Well, yes, but IP tables are the easy, unimportant part when it comes
to hacking by government sponsored perpetrators, including your
Internet provider. These days there is no relevant difference
whatsoever between the NSAs of the world and IT companies.

>"AI" either doesn't exist or has been around for decades,
>depending on how you want to define it.

Well, we agree on that to me AI is some bsing pretentious nonsense,
but the NSAs of the world have real-time, click by click access
patterns of every individual of entire societies, to which they apply
Bayesian networks to correlate it intra and intertextually (across
individuals) ... they notice "you are saying something that you
shouldn't be saying" (tm) and your off line and on line life will get
very "interesting" (to put it somehow)

I know it would sound to anyone with some senses spared like stupid
random bs, but they ran me out of the U.S. because they are using
regular people for social control experiments in an MK-Ultra kind of
way, making them believe that they were "reading their mind" (based on
all the data they gather about every single one of us). They even made
that Phillipino president that "God had talked to him". People,
actually wholeheartedly believed such bs. We are talking here about
University professors, ex CIA agents and military personnel, retirees,
with no previous mental illness of any kind not even in their
families, who all of a sudden became schizophrenics in their early
60's (something never heard of and without an explanation
scientifically, neurobiologically) ... people would hear non-stop a
fully, naturally sounding voice (or various voices, they did that bs
to me a few times, but I could tell it was delivered and they stopped)
telling them for example that they had forgotten to take their car
keys once again and teasing them as they looked for them, or that
their spouse was having sex right now with someone else and giving
them their telephone # to call ... most people have committed suicide
and/or gone into their homicidal rampages so common in the U.S. Non of
those "targeted individuals" could make sense of why that was
"happening" to them. You hear the voices tormenting you non-stop and
your spouse sleeping right next to you doesn’t.

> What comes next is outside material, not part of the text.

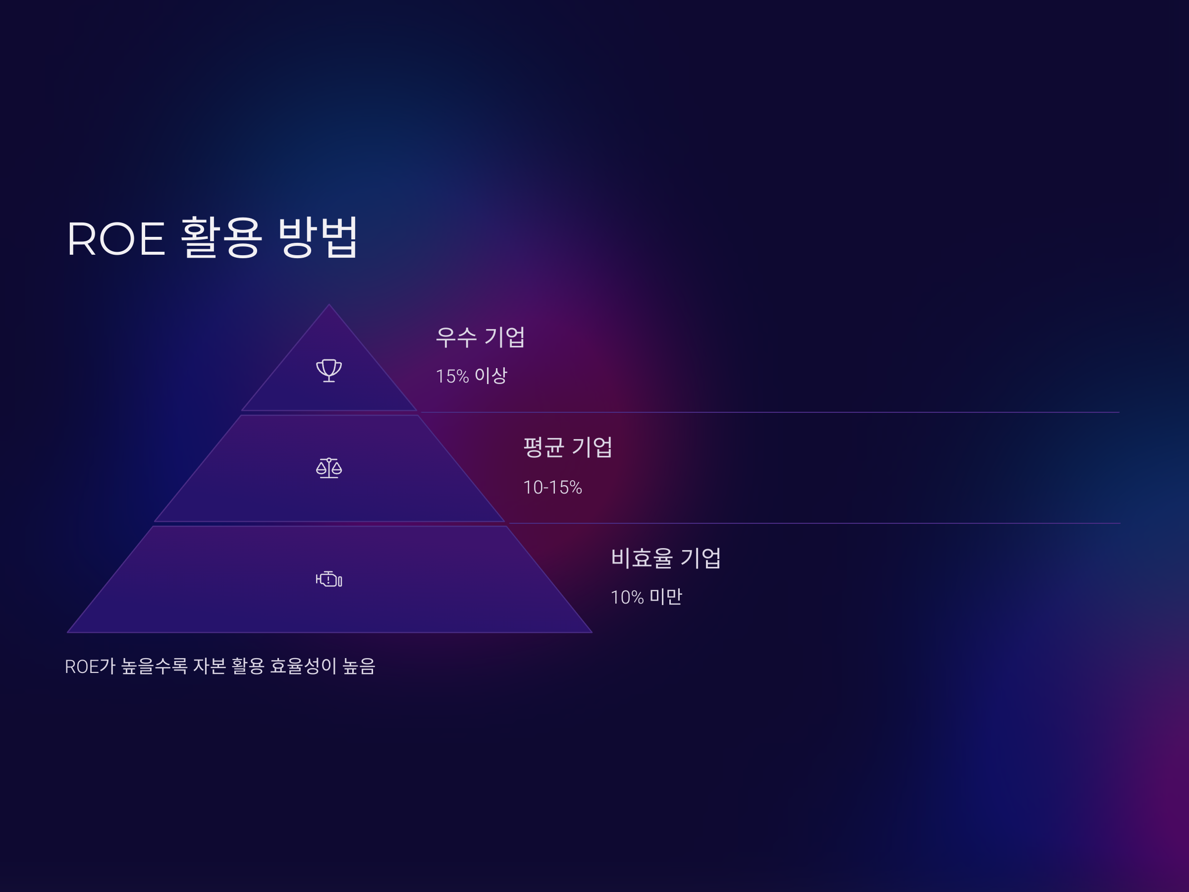 ROE를 통해 투자자는 기업이 자기자본을 얼마나 효율적으로 활용하는지를 평가할 수 있습니다. ROE가 높을수록 기업은 자본을 잘 활용하고 있다는 뜻이며, 낮을 경우 자본 활용에 비효율적일 수 있습니다. 일반적으로 ROE가 15% 이상인 기업은 자본을 효율적으로 운영하고 있다고 평가됩니다.

I just tried to convince those people that the government could not
read their mind, that they were just using run of the mill techno sh!t
(sensor, their cell phones, all information they consciously or
functionally generate to basically create a doppelgaenger of
themselves ...) to make them believe such nonsense. The FBI/NYPD was
telling me "we are going to have to kill you if you don't stop". The
only way I could make sense of it, is that they needed for people to
believe such bs and talk back to such "voices" as part of their social
control research. The least surface we expose to them the better.

I know most technical folks tend to be kind of cynical, but my point
is that there is more than IPtables we should be worrying about and we
Mathematicians, scientists and tech monkeys of the world are complicit
in creating the state of affairs I am describing. I think we could do
much better than worrying about ip addresses and such things.

I talk about such matters because I think it is better when someone
just twits those issue into general consciousness.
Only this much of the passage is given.